Pharmacology and Toxicology Graduate Group Alumni Updates

Governor's Top Choice

California Governor Edmund G. Brown, Jr. has appointed Pharmacology and Toxicology alumnus, George Alexeeff, as director of the Office of Environmental Health and Hazard Assessment at the California Environmental Protection Agency.

Alexeeff has been the deputy director at the Office of Environmental Health and Hazard Assessment since 1998. He also served as chief of the Air Toxicology and Epidemiology branch from 1990 to 1998 and chief of the Air Toxics Unit from 1988 to 1990. Alexeeff received his doctorate from UC Davis.

Alumni Win Major Awards at the 2012 Society Of Toxicology Annual Meeting

Myung-Haing Cho won the Leading Edge in Basic Science Award, which recognizes a scientist "who, based on his/her research, has made a recent (within the last five years), seminal scientific contribution/advance to understanding fundamental mechanisms of toxicity.
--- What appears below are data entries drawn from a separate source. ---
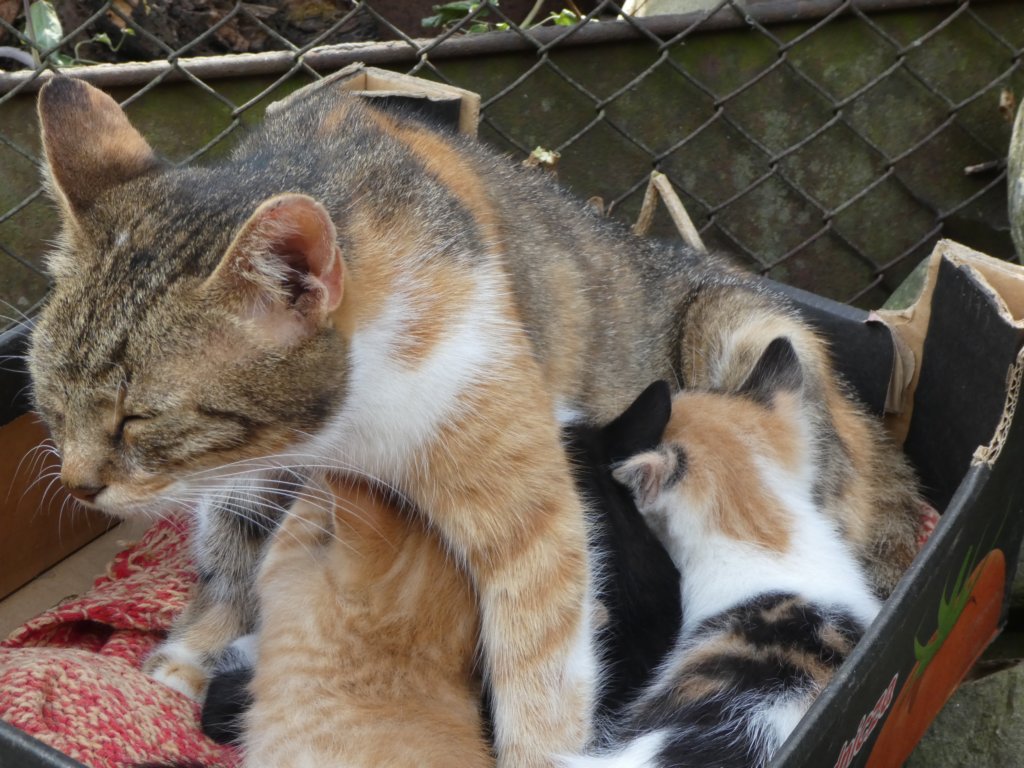 Мама котка с котенцата при баба Лили
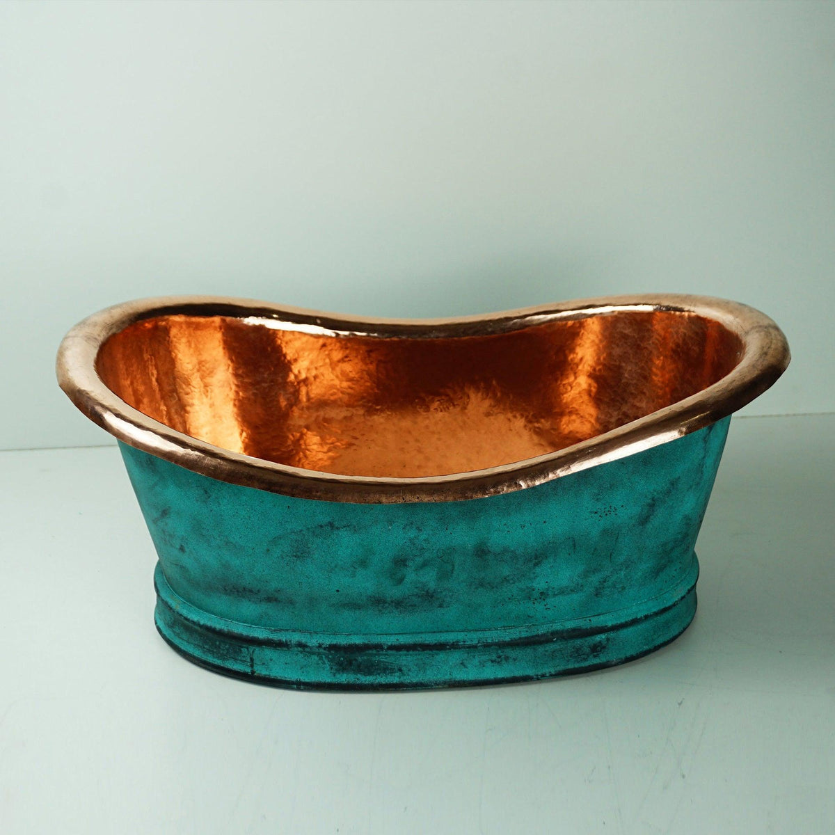 Green Patina Copper Tub-Style Bathroom Vessel Sink Vanity ;A tub-style bathroom vessel sink is a freestanding sink that is shaped like a bathtub. It is typically made of a durable material, such as copper, and it has a large basin that can accommodate multiple people.
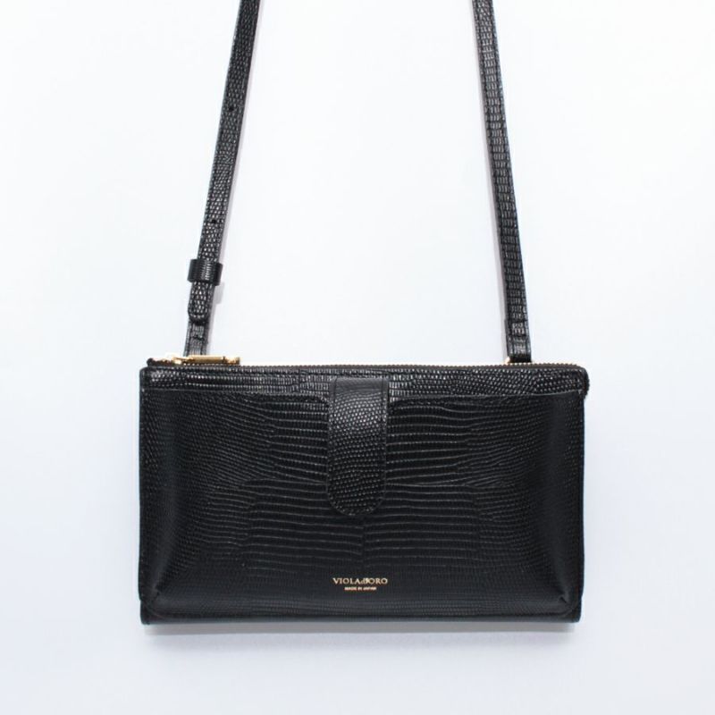 リザードの型押しレザーが女性らしい、横型のスマートフォンポシェット。
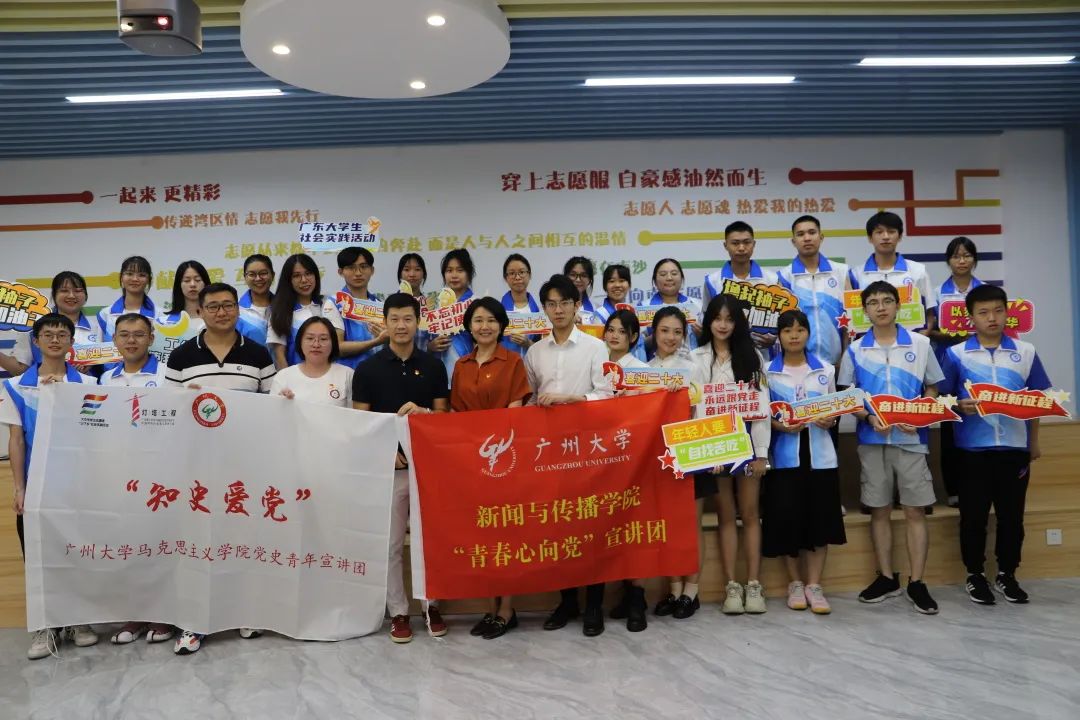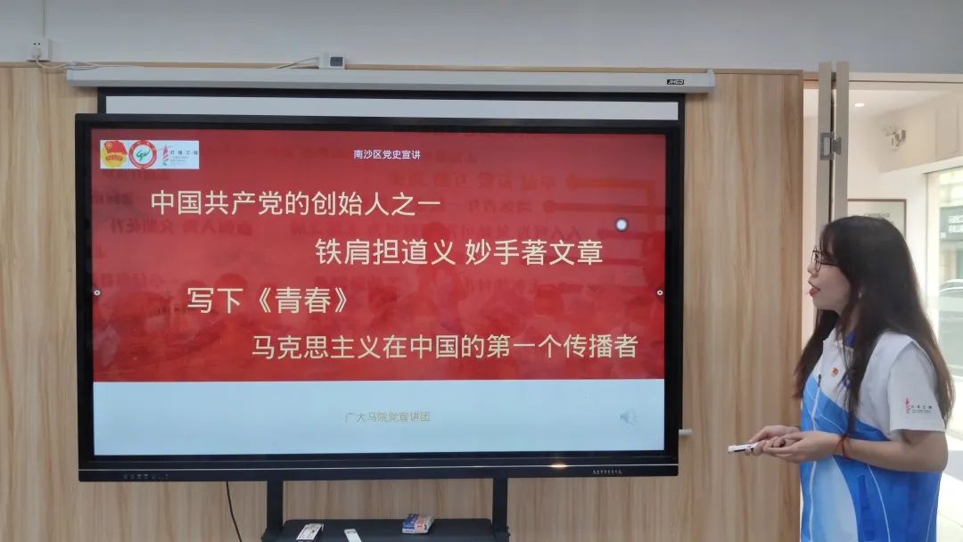和新闻与传播学院共同选拔学生,组建党史青年宣讲团,在南沙区新时代文明实践中心、南沙区青年志愿者协会的支持下,于7月7日、9月16日先后来到南沙区新时代青年志愿谷和南沙区横沥镇兆丰社区,向当地的居民和青少年讲述党史故事。
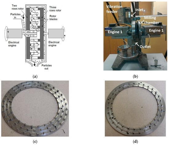 (a) Schematic depiction of the investigated disintegrator; (b) laboratory DESI 11 HSG mill (c) rotor with three rows of pins; (d) rotor with two rows of pins.
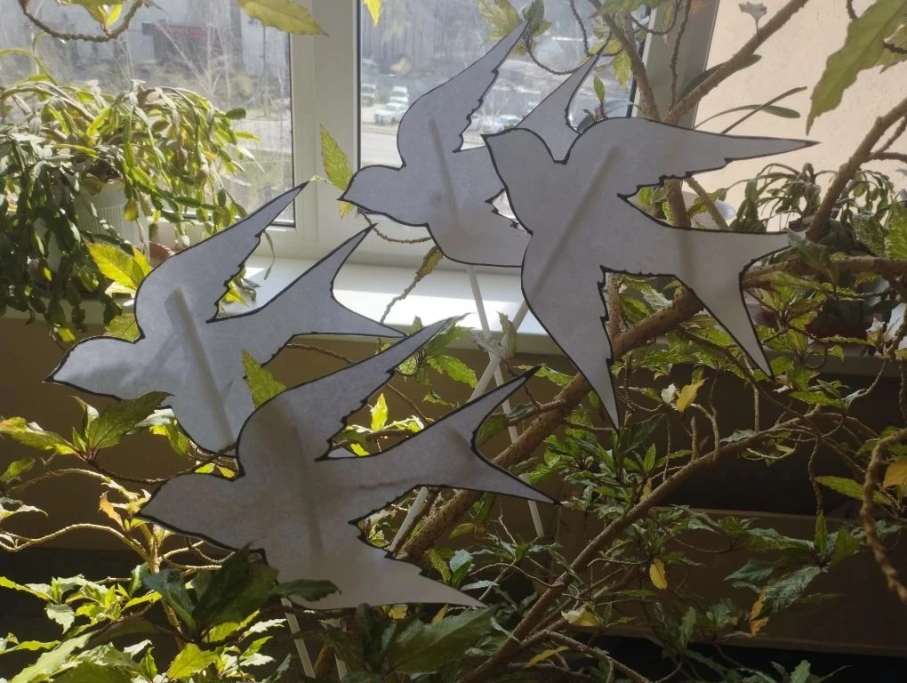 Конечно, юные активисты нашей школы не могли не призвать детей и взрослых к охране пернатых. Вместе с советником директора по воспитанию ребята из 6 "А" класса подготовили бумажных птиц. Выбран был образ ласточки - символ весны.

The recipient should be a respected basic scientist whose research findings are likely to have a pervasive impact on the field of toxicology."  Cho's contributions to our understanding of the influence of high dietary inorganic phosphate on lung tumorigenesis through Akt signaling pathways and his development of gene delivery systems for altering the progression of tumors shows substantial promise in the control of lung cancer.

Cho received his D.V.M. and M.S. degree in Toxicology at Seoul National University before attending graduate school at UC Davis. He received his Ph.D. in Pharmacology and Toxicology in 1992, and spent two years in Professor Swenberg's lab at the University of North Carolina before returning to Seoul to accept a faculty position in the School of Veterinary Medicine, Seoul National University. He rose through the ranks rapidly achieving full professor status in 2005. Cho has authored 15 books/book chapters, more than 250 research articles and holds nearly 60 patents. He served for two years as the Director General for the National Institute of Toxicological Research, Ministry of Health, Korea. He is on the editorial board of four journals and serves as the editor-in-chief of the journal, Toxicological Research. Cho is currently Vice President of the Korean Society of Toxicology.

Ben C Moeller, who is a postdoctoral fellow in James Swenberg's lab at the University of North Carolina, Chapel Hill is the recipient of this year's Syngenta Fellowship Award in Human Health Applications of New Technologies. "The funding ($15,000) is to support mode-of-action research aimed at characterizing dose-dependent effects of xenobiotics on mammalian systems in such a way that the causal sequence of key events underlying toxicity is elucidated. The work should permit a quantitative basis for extrapolation of the results from animal bioassays or animal models (in silico, in vitro) to humans at relevant human doses." 

Moeller received both his B.S. and Ph.D. degrees from UC Davis in 2004 and 2010, respectively. His Ph.D. research was conducted under the guidance of Professor Scott Stanley and focused on the development of innovative and highly sensitive LC/MS/MS methods for measuring steroids and steroid metabolites in urine. His current interest involves the development of markers to probe key steps in the mechanism of action of formaldehyde a cytotoxic and mutagenic aldehyde to which humans are routinely exposed. He is currently investigating the application of LC/MS/MS techniques to measure DNA protein crosslinks in rodents and non-human primates with the overall goal of providing a better scientific basis for assessing human exposure risks to this and other important aldehydes. Moeller is currently a Leon and Bertha Golberg postdoctoral fellow and previously has won the Perry Gehring risk assessment award from the Society of Toxicology. He has published over 15 peer-reviewed papers.